Josephine Olivia Connolly MP is a businesswoman and an elected member of the Turks and Caicos Islands House of Assembly. In February 2021 she won her all island seat for the third time and was appointed as a Minister in the new PNP Government.

Early life
Connolly was born in Turks & Caicos on the island of Salt Cay in 1959. She is the daughter of Alexander "Shorty" Smith, the elected representative of Salt Cay and one of the founders of the PNO which later became the PNP.

Career
In 1998, Connolly was a partner in the real estate consulting firm Connolly-Zahm Properties.

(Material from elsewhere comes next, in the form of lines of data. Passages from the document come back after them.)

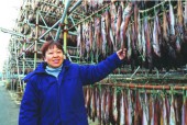 近年来,珲春市依托区位优势,大力发展包括海产品加工、陆海联运、国际物流等转型产业在内的海洋经济,探索向海图强的高质量发展新路。图为珲春市海味多食品有限公司员工晾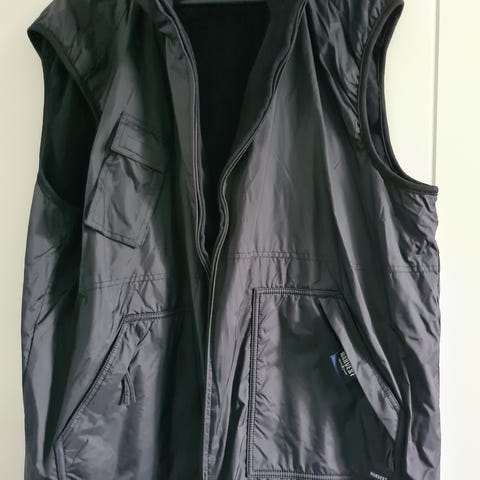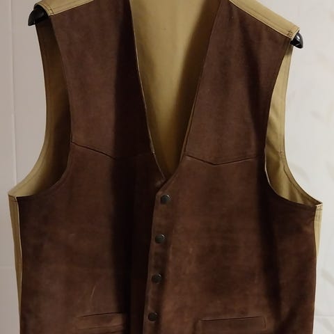 Hyväkuntoinen liivi, mokkanahkaa ja osa nappanahkaa.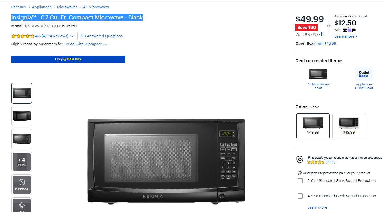 Insignia™ - 0.7 Cu. Ft. Compact Microwave - Black 9新 20刀 安娜堡可送货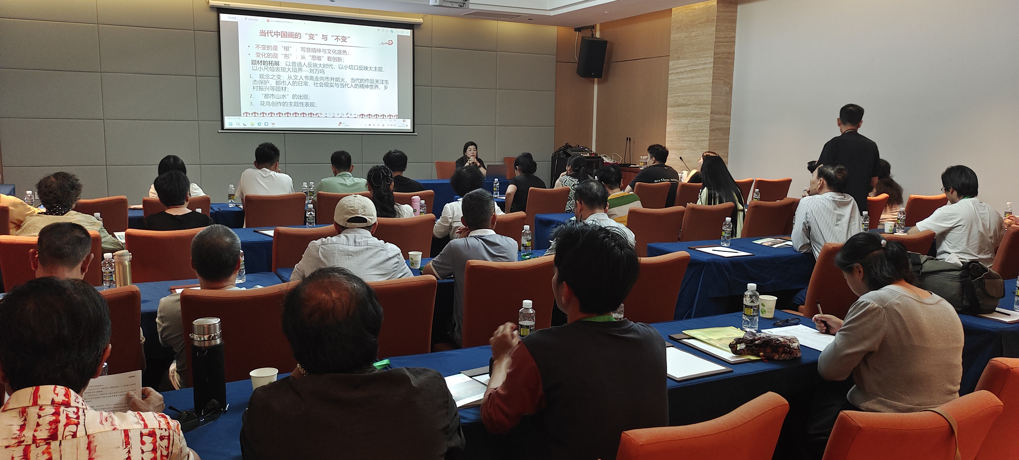 培训班邀请了知名专家为学员授课,海南师范大学美术学院教授、海南省美术家协会副主席卢向玲《当代中国画创作形式表达与作品赏析》,琼台师范美术系副主任、海南省美协副秘书长张天平老师《绘画形式语言与创作》等课程,从名作风格欣赏解析、作品主题立意、构图经营、色彩表现等方面,为学员们细致讲解,帮助大家破解创作瓶颈。海南省美术家协会委员当代绘画艺术委员会副主任、海口油画协会副会长林鸿平的《AI辅助艺术创作实践》,是本次课程设计上的一大亮点,AI辅助在美术创作上的运用是新时代思潮的体现,是传统创作方式之外的新思路,这一课程对学员们今后的创作带来了新启迪新方法,缩短了创作者从思想到成果的时间距离。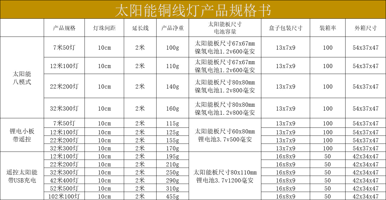 | 12 m 100 light highlight lithium battery remote control solar energy small board | CN¥ 17.91 | 788860 piece available |

In 2010, Connolly was awarded a master's degree from the University of Central Lancashire. In 2010, Connolly was the reigning "Mrs. Turks and Caicos", representing her country in the Mrs. World Pageant.

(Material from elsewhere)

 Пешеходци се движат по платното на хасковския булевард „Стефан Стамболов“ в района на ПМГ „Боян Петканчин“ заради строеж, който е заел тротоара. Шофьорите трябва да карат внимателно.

In July 2012, Connolly became an at-large candidate in the upcoming general election. On 9 November, she was voted in as one of the five at-large members of the parliament. At the first sitting of the house on 28 November, Connolly was unanimously voted in as Deputy Speaker.

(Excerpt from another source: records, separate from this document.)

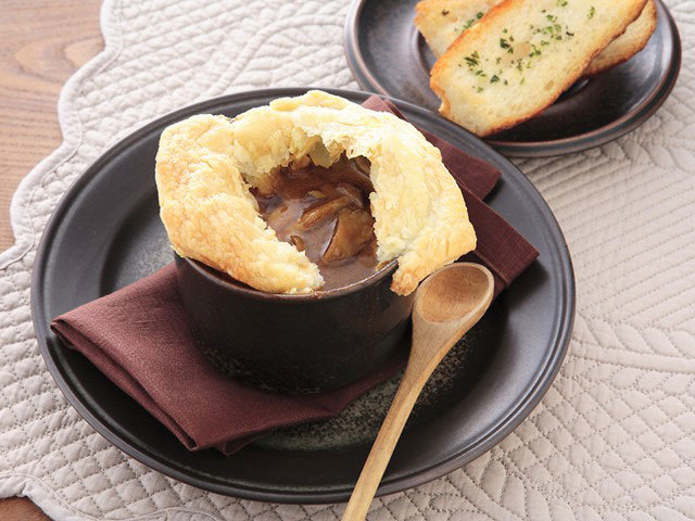 - 【3】ココット型等に【1】のカレーを入れ、【2】のパイシートをかぶせて、ふちを押しつけるようにしふたにします。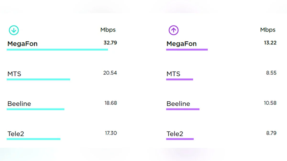 Победу одержал МегаФон. Его средние показатели составили 32,79 Мбит/с (скорость скачивания) и 13,22 Мбит/с (скорость загрузки в сеть).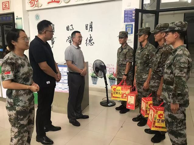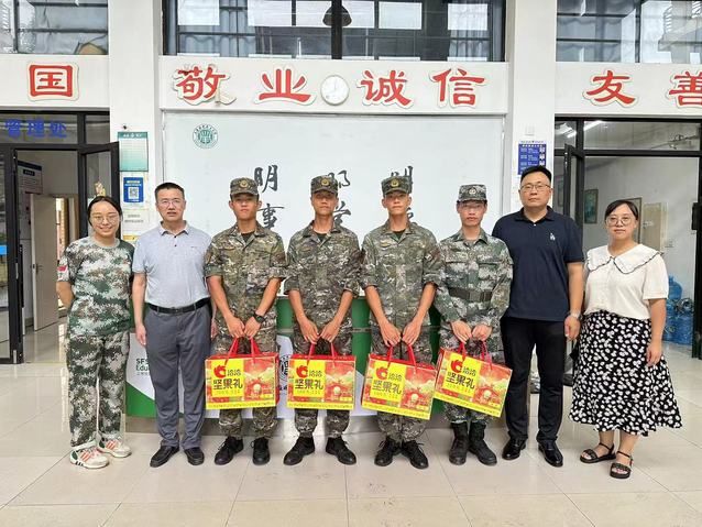 之后,智能技术学部电气与电子工程学院党总支书记、院长荆学东和副书记王震一起向承训官兵送上慰问品,感谢他们两周以来对学院2024级新生军训工作的付出,不畏酷暑辛苦带训,对他们科学施训和辛勤付出致以崇高敬意和衷心的感谢。希望接下来的军训汇报工作展现出学院新生的精神风貌。

In 2013, the Attorney General began an investigation, alleging that Connolly had failed to declare contracts with the Turks and Caicos Islands Government on her declaration of candidacy.

The investigation against Connolly and her political colleagues was subsequently dropped. In the December 2016 election, Connolly retained her seat as an all island member and became part of the new PDM government as Minister of Education, Youth, Sports and Library Services.

In January 2019 Connolly crossed the floor of the House of the Assembly and joined the PNP.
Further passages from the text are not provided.